L'heure est donc venue de lui infliger une peine pour ce crime absurde et le portrait ne pourrait être meilleur pour l'accusé, qui n'est plus le même homme. Que fait la Couronne, qui a passé trois ans et demi à voir comment il évolue? Elle demande cinq ans de pénitencier.

Remarquez bien, cinq ans pour des gestes d'une telle violence, c'est tout à fait dans les normes.

Mais c'est demandé par le même avocat qui a 1) accepté la mise en liberté; 2) plaidé pour un sursis en 2008 malgré un assez mauvais rapport psychologique; 3) accepté de remettre et remettre et remettre encore la cause pour voir évoluer le sujet.

La voilà, l'origine du non-sens. L'avocat Louis Miville-Deschênes a été d'une incroyable patience, il a laissé toutes les chances à cet homme... Et cet homme lui a donné raison, d'une certaine manière, puisqu'il semble sur le «droit chemin», comme ils disent.

Et au bout de cet exercice extraordinaire (tous n'ont pas cette deuxième chance), que dit l'avocat de la poursuite? Peu importe tout ceci, on réclame une peine de pénitencier de cinq ans. On comprend la juge Rheault d'être perplexe.
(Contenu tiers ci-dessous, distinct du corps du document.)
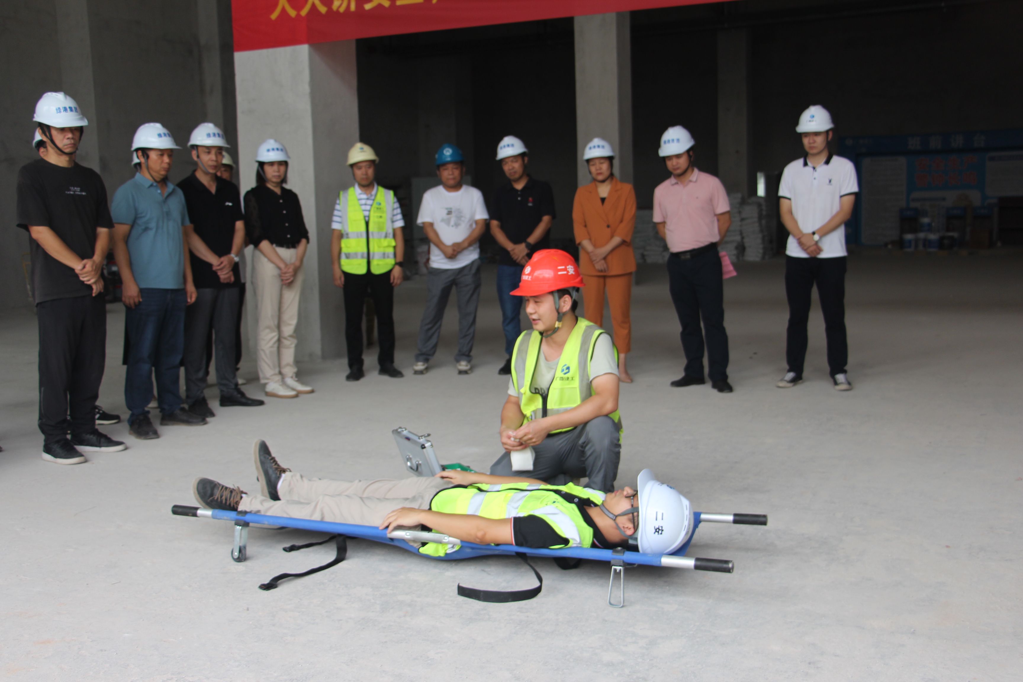 6月20日,嘉通公司在綠港·雙創(chuàng)城項目現(xiàn)場2023年“安全月” 救援及消防應(yīng)急演練活動。雙創(chuàng)城項目負(fù)責(zé)人就高處墜落、物體打擊的救援處置和項目火災(zāi)應(yīng)急處置等相關(guān)知識進(jìn)行了講解。隨后,進(jìn)行了傷口包扎、心肺復(fù)蘇、醫(yī)療急救以及滅火器操作演練。
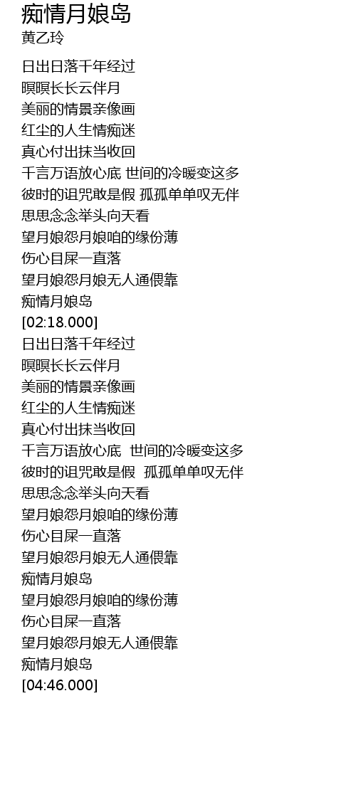 | [03:51.000] | 望月娘怨月娘咱的缘份薄 |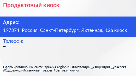 Продуктовый киоск по адресу 197374, Россия, Санкт-Петербург, Яхтенная, 12а киоск в дальнейшем Организация, размещена в следующих категориях: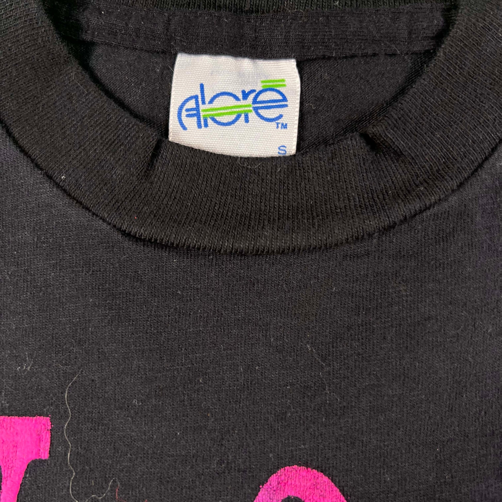 great single stitch black blank with big pink puff print text!! small town right on the Mississippi River/ Minnesota Wisconsin border

Cela dit, la sentence, que j'ai écoutée hier (on n'a pas eu droit à un jugement écrit, comme trop souvent), souffre d'un grand vice. Elle est fondée à peu près uniquement sur la réhabilitation apparemment réussie de l'accusé. Elle ne tient pas compte suffisamment de la gravité du geste, désormais très lointain, difficile à apercevoir dans une montagne de thérapies et de bonnes intentions. Même si on a le portrait des séquelles pour la victime.

Non pas qu'il faille venger l'infraction. Il faut cependant que la sentence reflète la gravité du crime. Une sentence est aussi une dénonciation et, oui, une punition. C'est là qu'il y a un déséquilibre.

Mais la poursuite a travaillé fort pour en arriver là. Cette cause est à elle seule un petit manuel sur l'art, pour un procureur, de se tirer dans le pied.

Si Me Miville-Deschênes va se plaindre à la Cour d'appel de la clémence du tribunal, avant de lui donner raison, on lui demandera sûrement à quoi il voulait en venir.

Et je ne suis pas bien sûr qu'il le sache.